The Middle East peace process is flawed because it leaves the core issue — the displacement and dispossession of an entire Palestinian people in 1948 — unaddressed, Edward Said told his audience Monday.
The Columbia University professor and prominent Palestinian intellectual tried to remedy this by giving his audience a history lesson and an insider perspective. He addressed an audience of more than 800 people at the Ted Mann Concert Hall with his lecture, “The Consequences of 1948: The Palestinian Catastrophe.”
Born in the city of Jerusalem, Said said when he turned 12-years-old, “Palestine, as I knew it, was destroyed and most of the people in it evicted.” The state of Israel was then created for Jews as a homeland in the aftermath of World War II and the Holocaust.
He took the audience through the past 80 years of Middle East history — a history, he said, the media has not told.
Now one of the most prominent Palestinian activists in America, Said is an outspoken critic of Israeli policies towards Palestinians, the United States’ Middle East policies and of Palestinian leader Yasser Arafat. The Princeton University and Harvard University graduate is also an author, distinguished humanities professor, opera critic, media analyst and essayist.
When the state of Israel formed, Palestinians became second-class citizens in their homeland, Said explained.
“Israel as only for Jews,” he said, cannot work. Jews are seen as the classic victims of history, and allowed Israel as their homeland, Said noted. But Israel’s displacement of Palestinians and control of borders, security, air and water rights makes Palestinians, “the victims of the victims and the refugees of the refugees,” he said.
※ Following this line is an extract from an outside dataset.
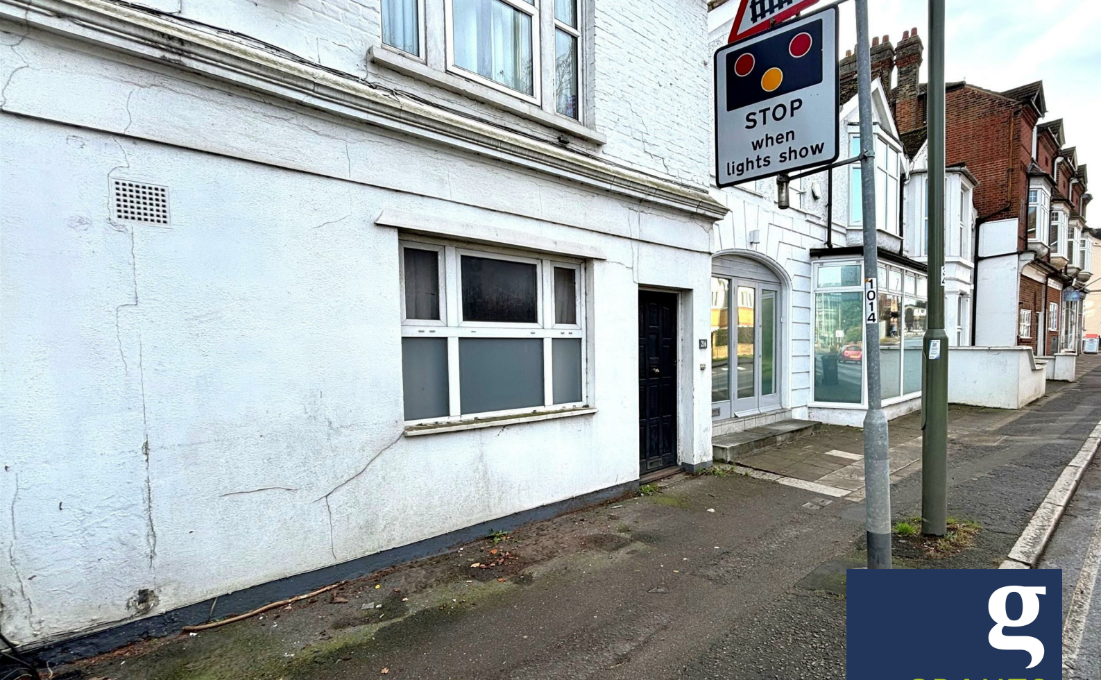
216 Station Road, Addlestone, KT15 2PH

Said’s solution is for “Palestine-Israel,” as he called it, to become a state of its citizens, offering political and cultural rights to all of its citizens.
“His main point is that Palestinians and Israelis need to start working together and have a one state system with civic and civil rights,” said Laila Wuollet, a first-year international relations student. “I knew that they’d been tortured. But I didn’t know to what extent.”
Daniel Larimore, a senior English and political science major, agreed that the Israelis and Palestinians need to get along with each other in order to live together, but said that completely ruling out the current peace processes is somewhat of a mistake.
Marisela Bixby, a University law student who studied the Middle Eastern and Latin American issues, said she agreed with “the way that he interpreted the facts.”
The media has misinterpreted Palestinians and portrayed them as terrorists, similar to how those in Cuba and the Sandinistas have been presented, Bixby said. As an intellectual speaking out, Said helps others “figure out who these people are, give them a face — give them a humanity.” We need someone like him, Bixby added.